Paarthale Paravasam () is a 2001 Indian Tamil-language drama film directed by K. Balachander, for whom this was his 100th film. It was produced by Balachander's home banner Kavithalayaa Productions and stars Madhavan and Simran, with Raghava Lawrence and Sneha playing roles alongside them. The film's music was composed by A. R. Rahman, whilst A. Venkatesh was cinematographer. It tells the story of a couple going through a breakup after the husband is exposed for having had a child from a juvenile relationship. It also shows the introduction of love interests for the couple, and if they reconcile, forms the crux of the plot.

Paarthale Paravasam released on 14 November 2001 to mixed reviews and became a commercial failure.

Plot 
Madhava is a doctor, and a single appearance has made him the heartthrob of thousands of girls. He marries Simi, but a revelation about his past separates them and takes them as far as divorce. They remain friends though, even going so far as to fix up each other's second marriages. Simi decides to get Madhava married to Chella, a nurse at his hospital, while he tries to fix up her marriage with a dancer Azhagu. Madhava and Chella's wedding and Simi and Azhagu's wedding are on the same date. Azhagu then marries his cousin due to his father's greed for wealth. Chella's parents find out about Madhava's past and call off the wedding. In the end, Madhava and Simi remarry. Chella marries Kumaran, Madhava's colleague, who was interested in her ever since he became Madhava's understudy in the hospital.

Cast 

 Madhavan as Dr. Madhava
 Simran as Simi Madhava
 Raghava Lawrence as Azhagu
 Sneha as Chella
 Vaali as Bala
 Vivek as Dr. Kumaran
 Nizhalgal Ravi as Mudaliar
 Manivannan as Nellai Amaran
 Seema as Madhava's mother
 Vadivukkarasi as Akilam
 Radhika Chaudhari as Rekha
 Deepa Venkat as Simi's friend
 Samuthirakani as Back Pain Patient
 Cochin Haneefa
 Mohan Raman
 Mohan Vaidya
 Thalaivasal Vijay
 Kuyili
 Dr. Sharmila
 Viji Chandrasekhar
 Charle
 Dhamu
 Kavithalaya Krishnan
 Mayilsamy
 Periya Karuppu Thevar
 Kamal Haasan as himself (guest appearance)
 Ramya Krishnan as herself (guest appearance)
 Madhan Bob as Kamal Haasan's fan (uncredited)
 Yuvarani as Miss Chennai Host (uncredited)

Production 
Paarthale Paravasam was launched as Balachander's 100th film at his office in Chennai. The original cast announced on the day of the launch included noted singer S. P. Balasubrahmanyam. However, he was replaced by prominent poet Vaali before the shoot started. Moreover, Raju Sundaram was initially supposed to play the role eventually portrayed by Lawrence in the film. Balachandar managed to select Kamal Haasan in a guest appearance, but failed to do the same with Rajinikanth.

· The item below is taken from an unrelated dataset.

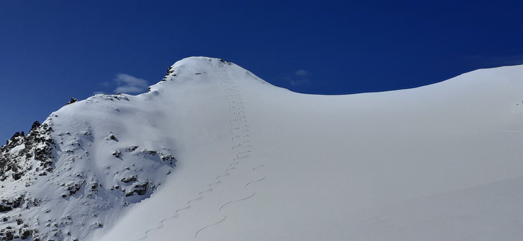 Dalla vetta neve pressata e dura sulla via normale, ma trasformata cremosa se si scia nella conca che guarda ad Ovest Sud Ovest, poi nel…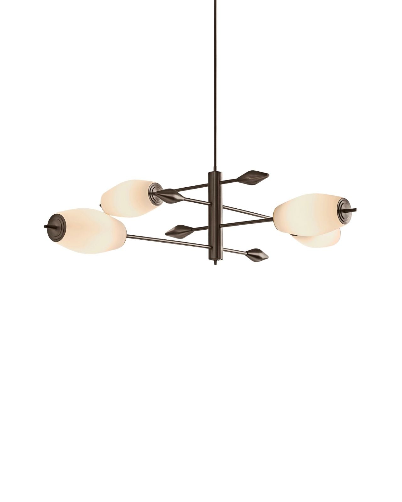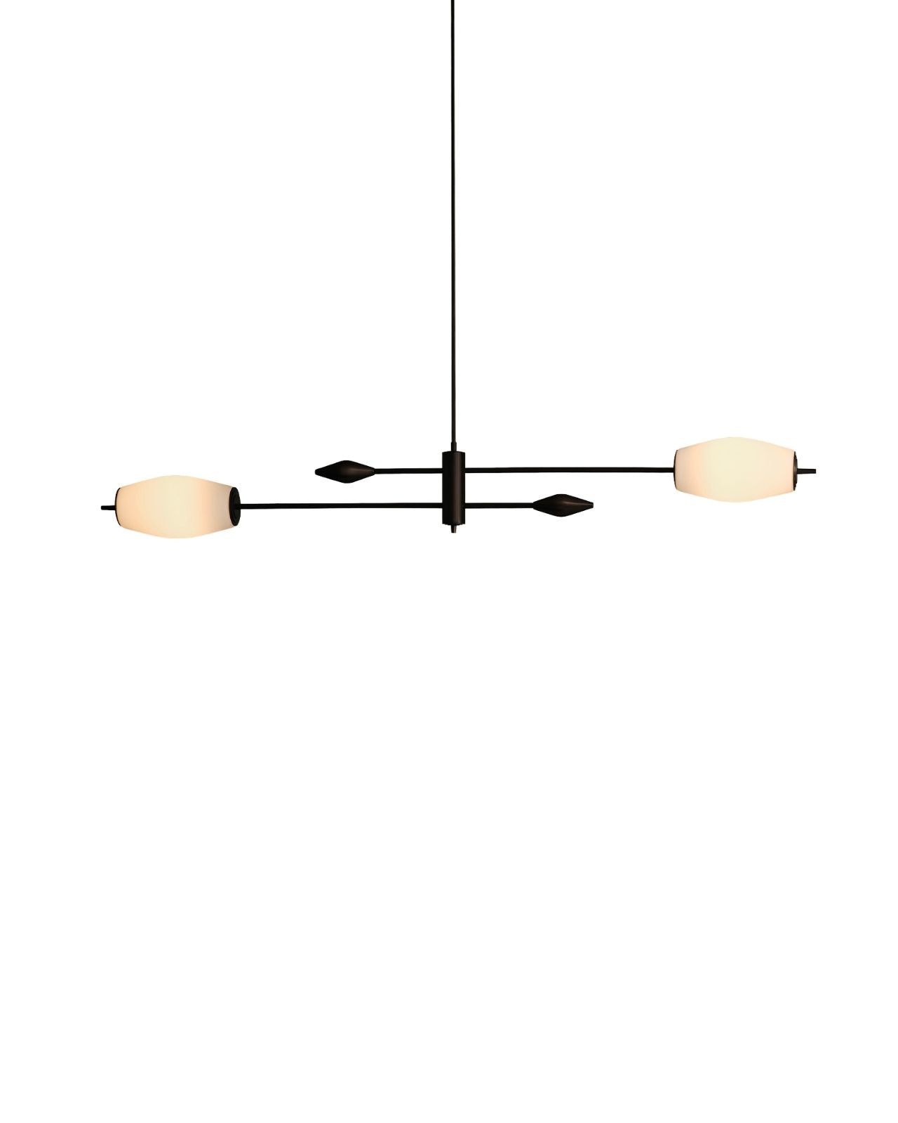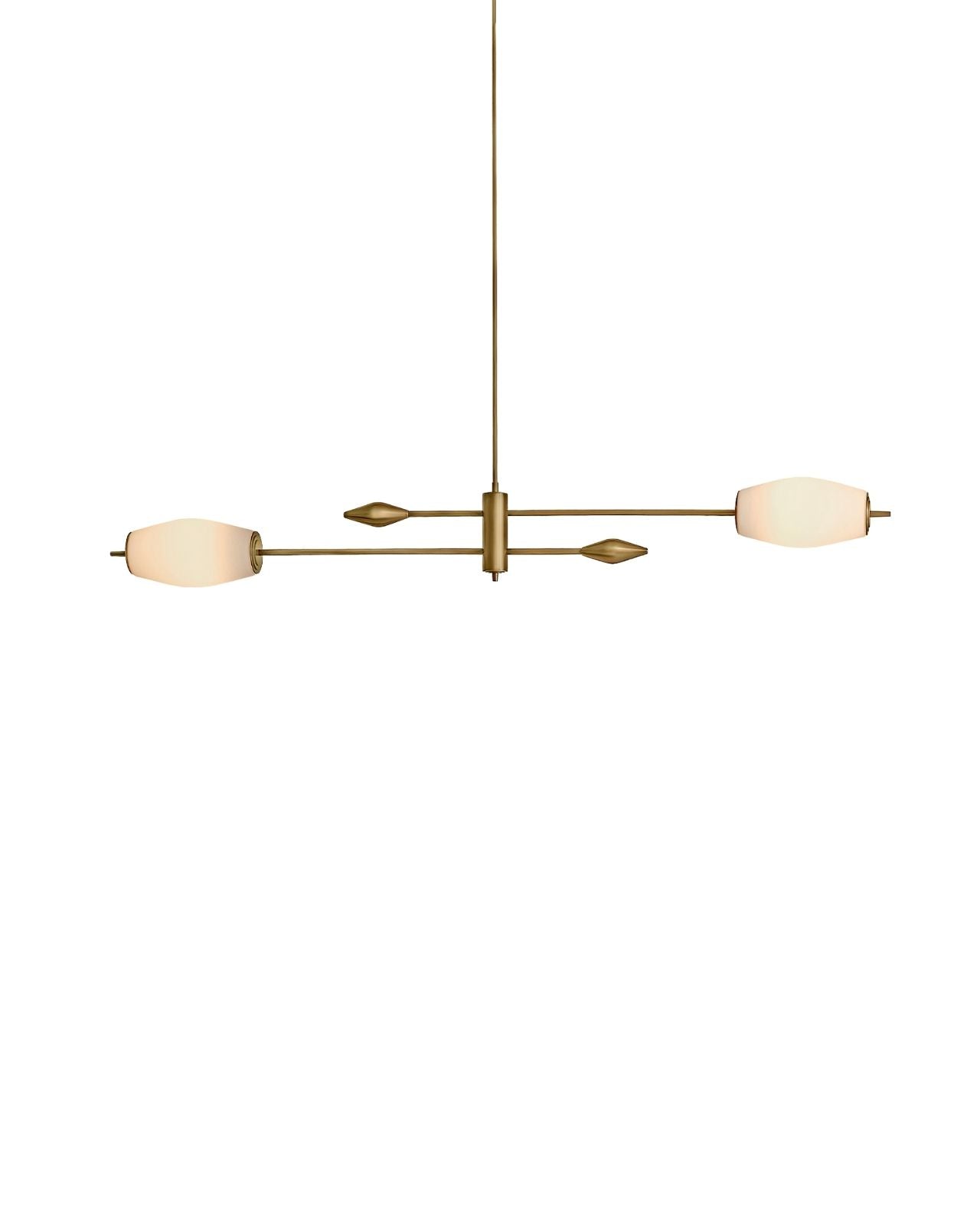 This statement modern pendant is versatile and entirely configurable making it suitable for any setting or any room. Made from brass, the structure is available in antique brass or bronze and features cantilevered arm configured into a 2, 3 or 4-arm formation. While the 2-arm version showcases a linear form perfect over counters or desks, the 3 or 4-arm version will be a bold graphic addition to a living room or dining room. Decorative and eye-catching, this chandelier also includes solid tapered counterweights providing equilibrium with beautiful sandblasted opal glass elliptical shades that offer a soft and diffused warm light in modern or contemporary interiors.

Production of the film was delayed multiple times during the shoot owing to rains in Kerala. Balachander also announced that Rahman and Simran's busy scheduled had held up the film's progress. A song for the film was shot in Malaysia featuring Madhavan and Sneha. Another was shot at Bekal Fort, Kasargod, in Kerala with Madhavan and Simran, which took five days to finish. The introduction song of Madhavan and a team of dancers was shot in Ooty, while a fourth song sequence, with Madhavan and Simran was on the floors of AVM. The fifth was picturised in the Vijaya Vauhini Studios, in sets where Lawrence and Simran danced for the fifth song.

Release and reception 
The film, upon release on 14 November 2001, garnered mixed reviews, with critics citing it as a "disappointment". A critic claimed that the dialogues were "insipid", the narration "lacklustre" and the film was "a monotonous journey for the audience". Similarly, the reviewer from Sify.com labelled the film as "insufferable" and drew criticism to the director and the lead actors, saying that only Vivek's position was the "silver lining".
Lolluexpress.com noted that "movie is a big logic failure and disappointment", and praised A. R. Rahman's music, stating that he "didn't disappoint us considering his recent tunes in "STAR" " and Simran's performance as "Simran was too good in many places and only because of her the movie has something to watch".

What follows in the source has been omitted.